HEAs with a single FCC phase or FCC (major) + BCC (minor) phases [9,13,18,22,23,25,27,29,32,34,37,41,45,47,52,53,56,60,61,62,63,72,84,91,92,96,97,100] have been most extensively studied for hot compression tests (Figure 1c). HEAs with a single BCC phase or BCC (major) + FCC (minor) phases have also been popularly studied [8,11,33,40,42,51,68,71,74,79,93,99]. HEAs with FCC1 and FCC2 or FCC+ intermetallic compound (IMC) precipitates have been recently studied [12,20,38,54,64,66,70,89,90,95].

3. Deformation Mechanisms

The raw data (true stress–true strain curves) in the second and third groups of papers, where a series of hot compression tests were systematically carried out over wide temperature and strain rate ranges, were digitally extracted from the published papers using a software. For example, the true stress–true strain curves for Al_0.7CrMnFeCoNi HEA [62] at different temperatures and different strain rates are shown in Figure 2a–d.

The hyperbolic sine Garofalo equation has been widely used to describe the steady-state relationship between the flow stress, temperature, and strain rate ($\dot{\epsilon }$) over a wide range of temperatures and strain rates where power law creep and power law breakdown (PLB) govern plastic flow [4,104], which is expressed as:

$$\dot{\epsilon }=A \sin \mathrm{h}{\left(\alpha \sigma \right)}^n\exp \left(-\frac{Q_{\mathrm{c}}}{RT}\right)$$

(1)

where A and α are the experimentally determined material constants, n is the stress exponent, and Q_c is the activation energy for plastic flow.
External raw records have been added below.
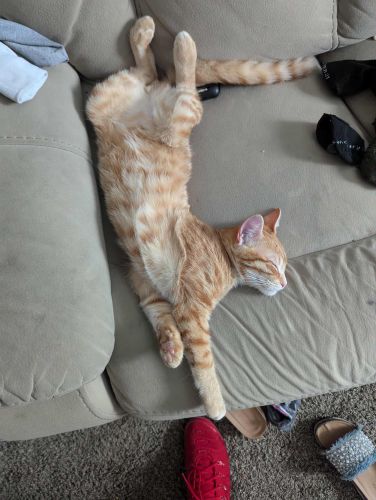 Sex : maleSpayed : noAge : 6-18 monthsWeight : 1 to 5 lbs.Size : smallColor : medium orange+ light white+ light blondPattern : StripedCollar : noEye Color : medium copperNose Color : pinkTail Length : mediumTail Shape : straightCoat : short hairOther : He’s lighter on his tummy not neutered as of lost date very vocal and affectionate, he is striped and has cheetah like spots on his fur.
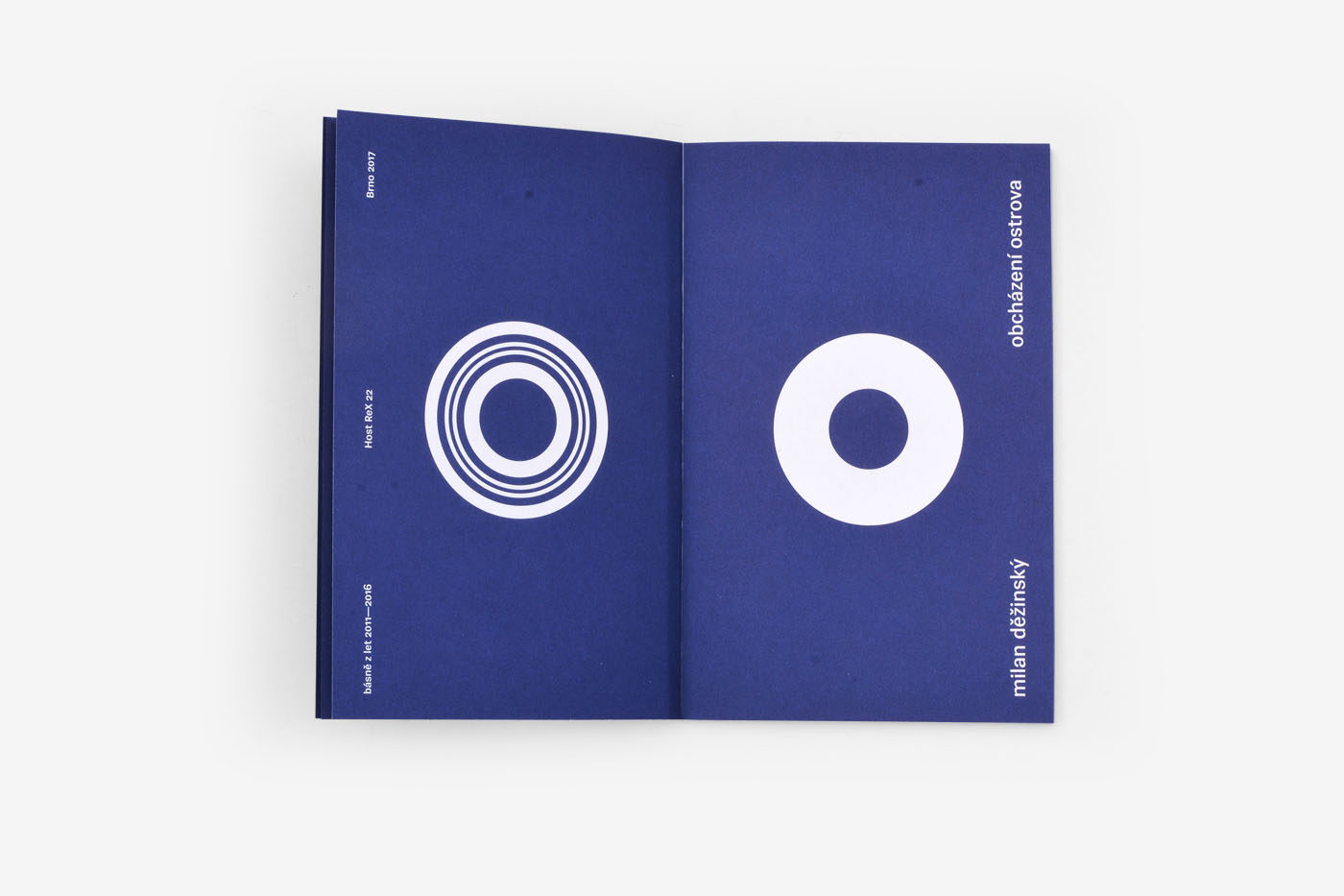 O—O aneb Obcházení ostrova. Nová sbírka básníka Milana Děžinského je plná ostrovů a kruhů na vodě a plotýnek elektrických vařičů. Obálka je tištěna atypicky sítem, zbytek již klasicky ofsetem. Jestli správně počítám, Obcházení ostrova završuje první tucet básnických sbírek z edice ReX, na které pracuji průběžně od roku 2011.
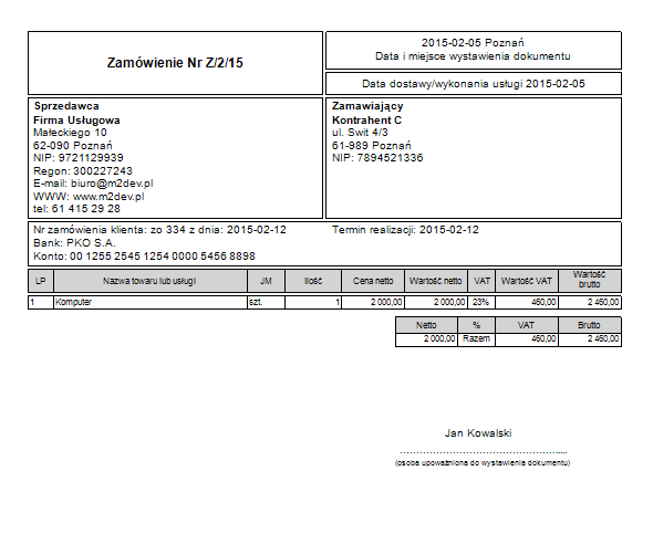 Przykład wydruku zamówienia.

The hyperbolic sine function is mathematically reduced to the equation describing power law creep at low stresses (Equation (2)) and to the equation describing power law breakdown (PLB) at high stresses (Equation (3)):

$$\dot{\epsilon }=A_1 {\left(\sigma \right)}^{n_1}\exp \left(-\frac{Q_{\mathrm{c}}}{RT}\right)$$

(2)

$$\dot{\epsilon }=A_2 \exp \left(\beta \sigma \right) \exp \left(-\frac{Q_{\mathrm{c}}}{RT}\right)$$

(3)

where $A_1$, $A_2$, and β are the material constants and n₁ is the stress exponent, which is ideally equal to n, but can be different). The constants α in Equation (1), n₁ in Equation (2), and β in Equation (3) can be related by β = αn₁ [4,104].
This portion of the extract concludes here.